Пунктир букв на бумаге сливается с пунктиром птиц в небе, а она, юная Анна, попав в ворожащий, колдующий, пугающий ритм, пишет и пишет, примостив на уступе скалы смятый лист, стачивая о твердую, проступающую сквозь бумагу скалу грифель карандаша.
И не успевает понять – хорошо или плохо всё, что она пишет.
И не успевает задаться вечно терзающим ее вопросом – зачем?
Зачем все эти муки и ранения истекающей стихами ее маленькой души, если уже есть Ахматова, есть Цветаева, есть Блок, Гумилёв есть?
А есть ли она, Анна, еще неизвестно. Зачем писать еще и ей?
Но в этом ливне строк задуматься об их ценности Анна не успевает. Разве что записать.
Карандаш обломан, в наспех вырванном из ученической тетради листке давно не осталось места, а строки все бегут, сыплются, льются на нее с неба сплошным потоком. И она, словно сумасшедшая стенографистка, силится не упустить ни слова из продиктованного ей свыше.

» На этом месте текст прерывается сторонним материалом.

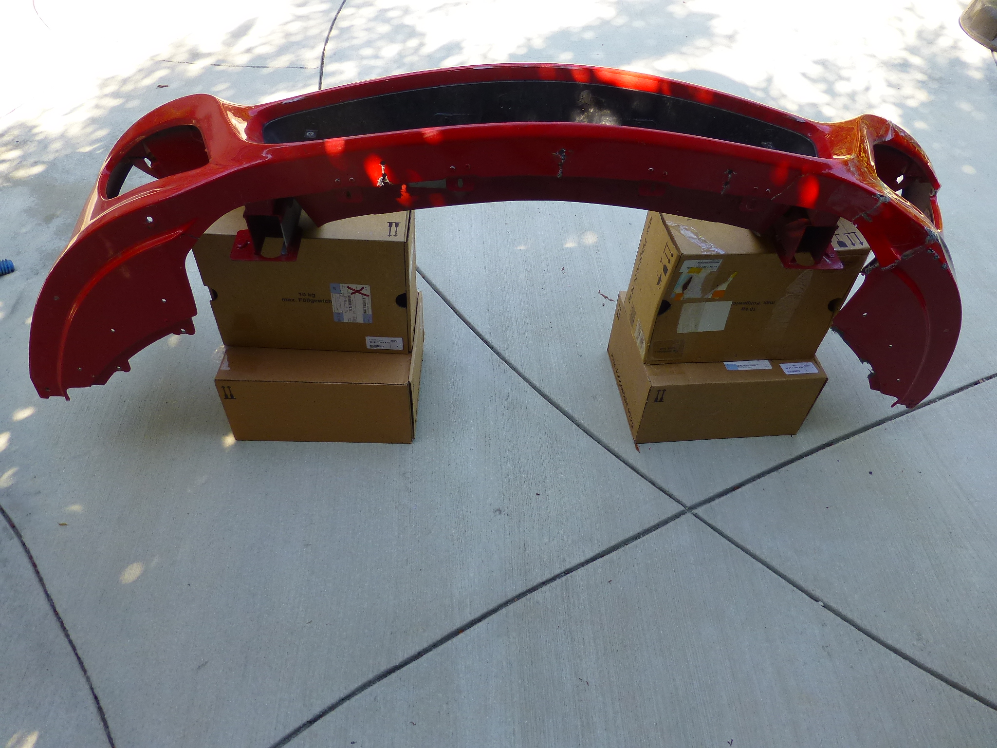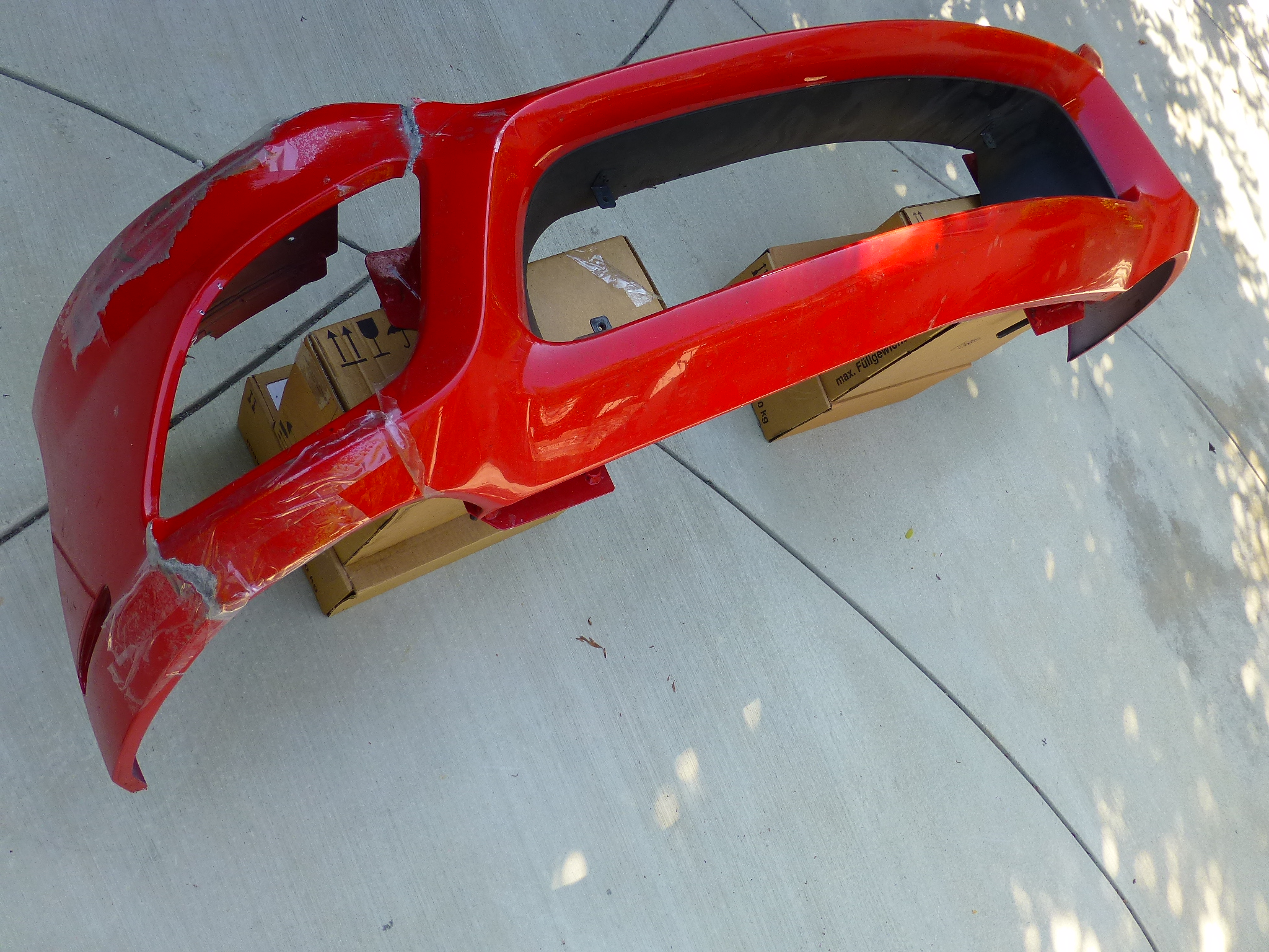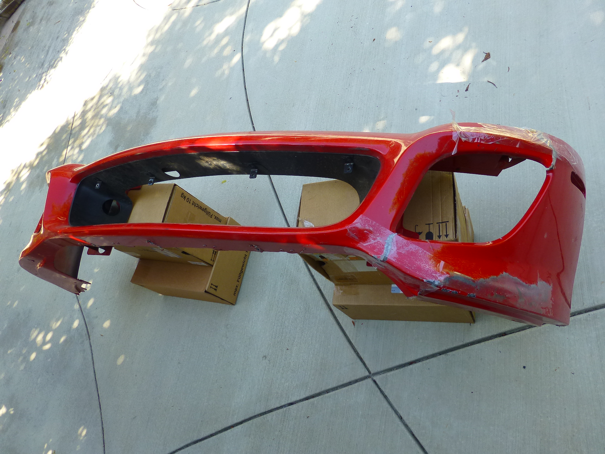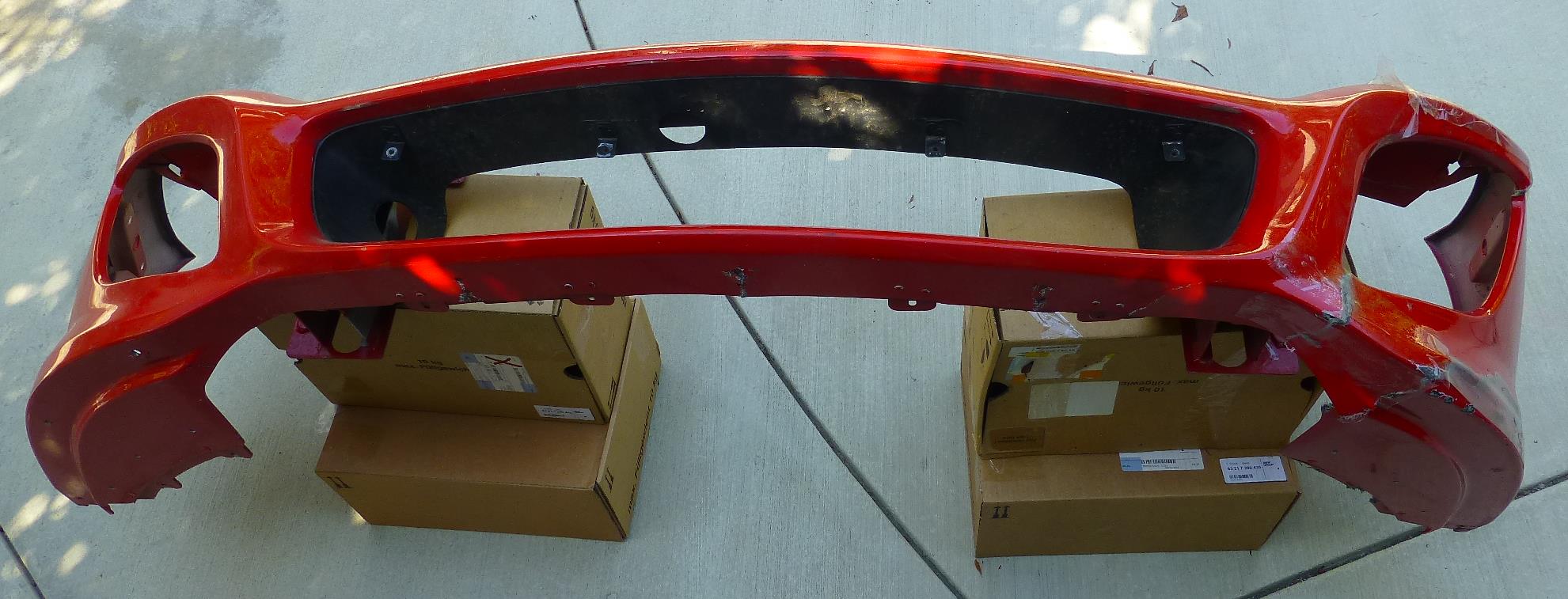 Front Bumper, Original, Needs some work, It has NO missing Main Bumper Surface Fragment, Only Missing Left Internal Bracket, Left Portion Is Totally Separated, We Taped Together to Make Pictures

…Если нет сомнений среди дня / Полуночная стенографистка / Я пишу истории дождя…
Не упустить… уловить… сохранить… сохранить… сохранить?

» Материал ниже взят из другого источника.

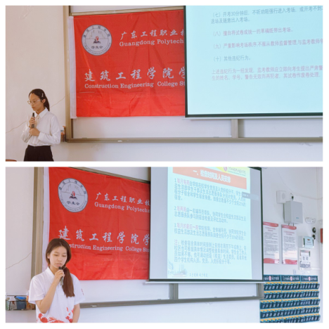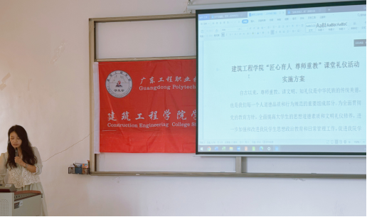 在主持人陈钰琳的宣布下,广东工程职业技术学院建筑工程学院“匠心育人 尊师重教”大学生课堂礼仪暨“三风”建设培训会正式开幕。大会第一项议程全体师生观看视频廉洁教育视频:《对,是纪律!》,该视频展示了我党党规党纪的建设历程,纪律和作风建设始终置于我党重要地位,也让全体师生进一步了解到“三风建设”的重要性。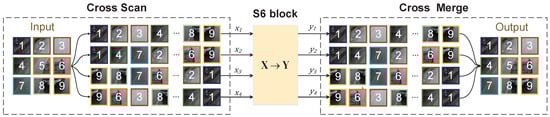 SS2D consists of three parts: the scan expansion operation, the S6 module, and the scan merge operation. As shown in Figure 3, the image’s scanned blocks are expanded into four sequences, each consisting of several small-sized images obtained from different scan divisions. The scanning continues in four directions, allowing the central pixel to integrate information from other pixels in different directions. After scanning, the formed sequences are processed by the S6 module for feature extraction, ensuring that information from all directions is thoroughly scanned to capture different features. Then, the scan merge operation sums and merges the sequences from the four directions.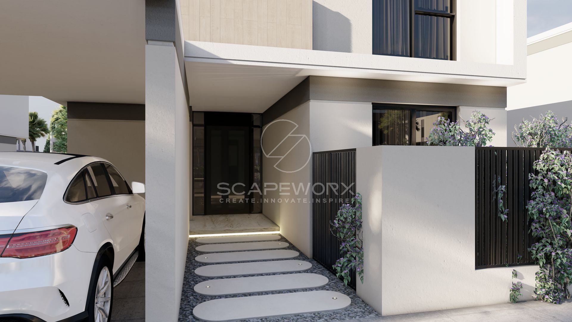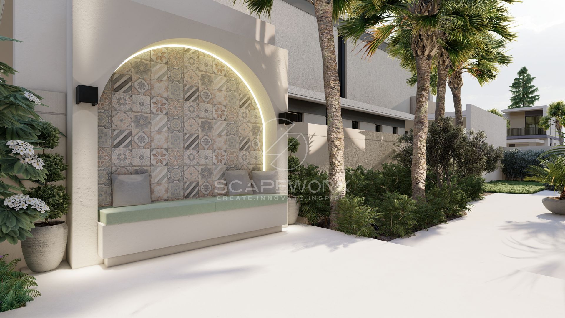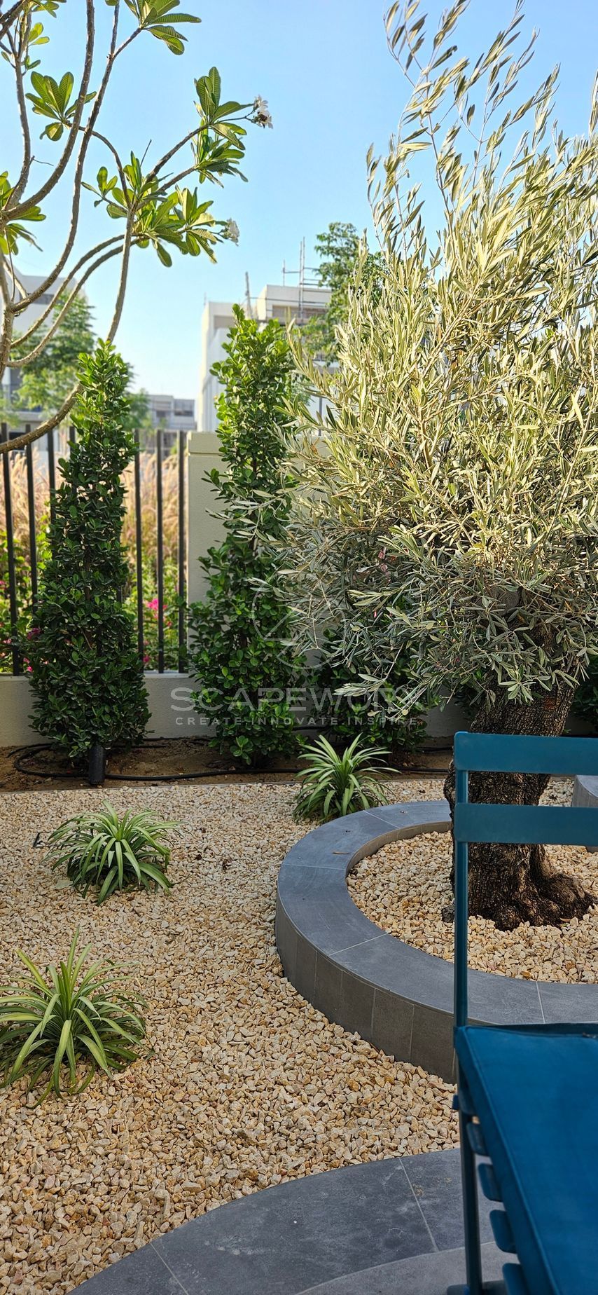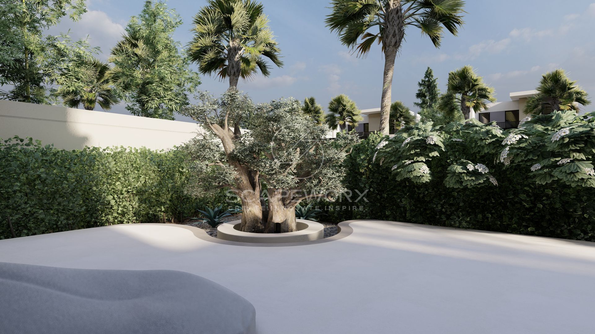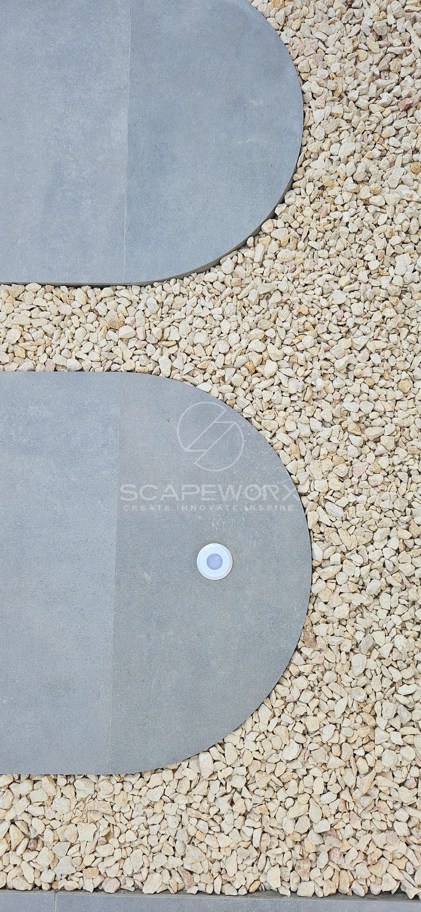 At this concept we soften the rigid edges of the architecture with organic curvature at feature planters and stepping stones, while maintaining the functions of the space and limiting the wastage without compromising on the aesthetics.

Но можно ли сохранить поток света?
Можно ли приколотить к тетрадному листу ритм этого неба, этого моря, этой жизни?
Не равносильно ли обреченное отчаянное стремление попытке прикнопить к листу солнечный свет? Или бабочку, которых так много на крымских отрогах, и которых ловит теперь Савва. Прикнопишь на бумагу, свет исчезнет, бабочка умрет. И вместо полета лишь пустая кнопка и высохшая тушка.

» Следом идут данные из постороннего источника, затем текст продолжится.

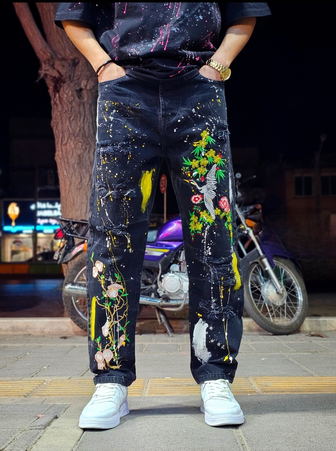 ناموجودشلوار ده جیب ترکیبی پلنگی مشکی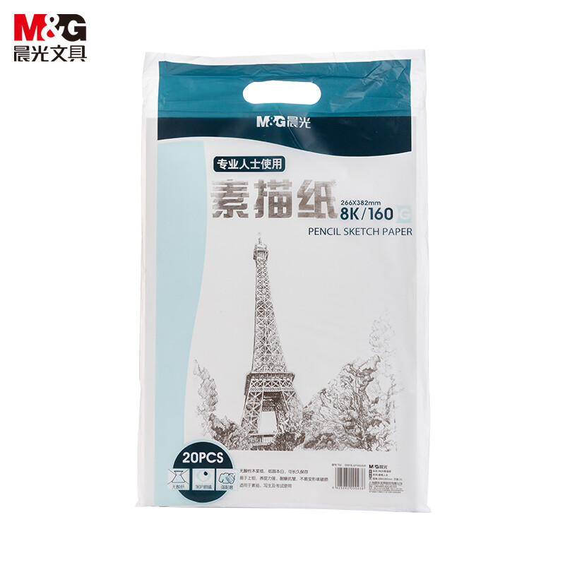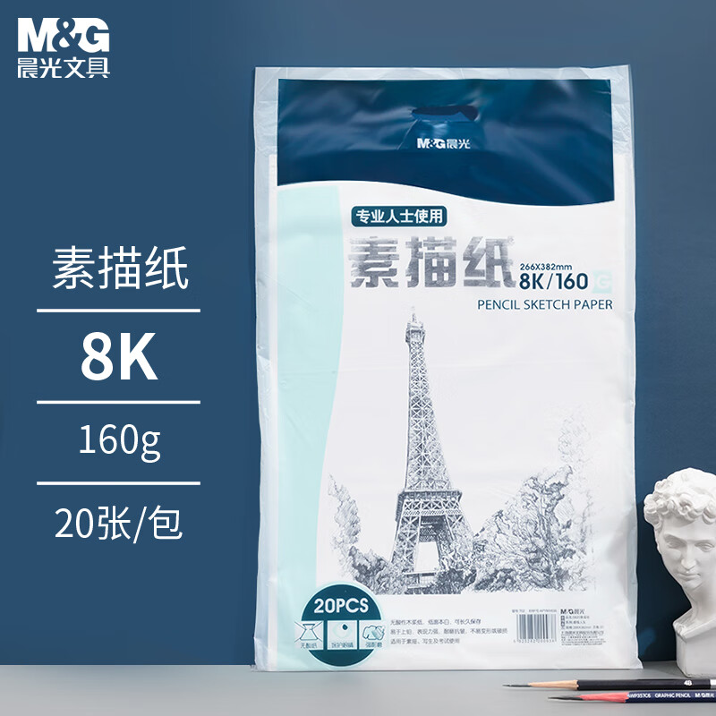 晨光(M&G)文具8K/160g加厚素描纸 铅画纸 专业美术生画纸 初学者速写纸 美术写生纸 20张/包APYMV635开学礼物 自营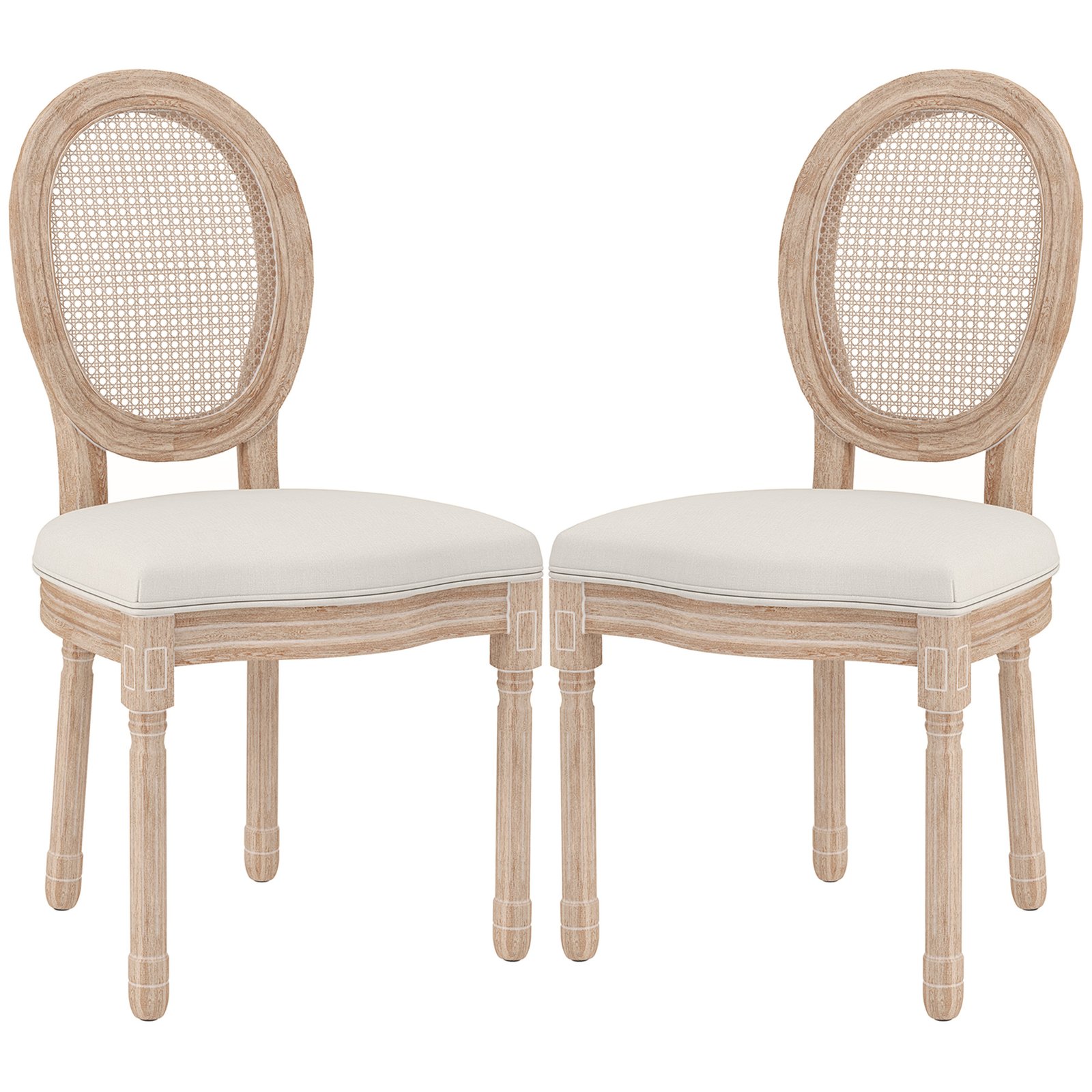 2 vnt. Vintažinio stiliaus valgomojo kėdžių komplektas su ratano nugarėle

Анна смотрит на коллекцию Саввы как смотрят на растаявший у тебя на глазах солнечный луч – был свет, и нет. Был полет крыльев этой бабочки, и нет. Приколотое тельце осталось, а полет исчез, испарился, весь вышел.
Так и из нее, как из приколотой к листу бабочки, после стольких лет приличной, «как подобает» жизни вышел свет. Полет исчез.
Стихи как дети, и дети как стихи.
Сначала мы молимся, чтобы они были – всё равно какие, хорошие, плохие, непонятные, разные. Только бы были! Только бы тебе было суждено это рождение – ребенка ли, строфы ли.
Сначала мы молимся, чтобы они были. И только потом начинаем понимать, что хорошие чужие лучше своих плохих. Или никаких.
Та девочка, в ворожбе крымского заката начинавшая понимать про стихи, еще ничего не знает про детей.
Про детей знает другая, бредущая теперь берегом осеннего моря.
И между ними нет связи.
Детям и стихам в ней одной не поместиться.
Чтобы случились дети, надо было забыть стихи. Укрыть свою душу от их боли, свою голову от их ливня. А вместе с болью и стихами запереть возможность летать, как прежде отчаянно и смело летала она с высокого утеса в воду.
Чтобы выжить, нужно было разучиться летать.
И она разучилась.
И жила.
Долго. Целых десять лет. Старательно вняв уверениям матери, что она не Ахматова, так зачем же душу рвать – пациентов психиатрических клиник и без нее хватает.
В какой-то миг ее словно выключили. Дописав с рождением старшей дочери последние строфы («…остальное добавит ей ночь – дочь…»), она не написала больше ни строки. Поменяла стихи на детей.
Она стала мамой. Рожала девочек. Сама заплетала им на ночь косички. И, казалось, нисколько таким положением не тяготилась. Свое ощущение полета она потеряла. Выбросила. И стала как все ходить по земле.
И ходила. Пока теперь, в октябре 1917-го, снова не оказалась на той крымской скале, с которой в юности летала вниз, ловя слившееся воедино ощущение страха и восторга, счастья и испуга, боли и радости.
На другой день после приезда из Петрограда снова дошла до «своей» скалы – и сама испугалась нараставшего в ней желания полететь. Ребенок, который вскоре должен был родиться, был не лучшим компаньоном для подобного рода прыжков.
Проснувшееся ощущение свободы и полета напугало – неужели снова мучиться, как прежде?! И обрадовало – неужели, как прежде – летать?!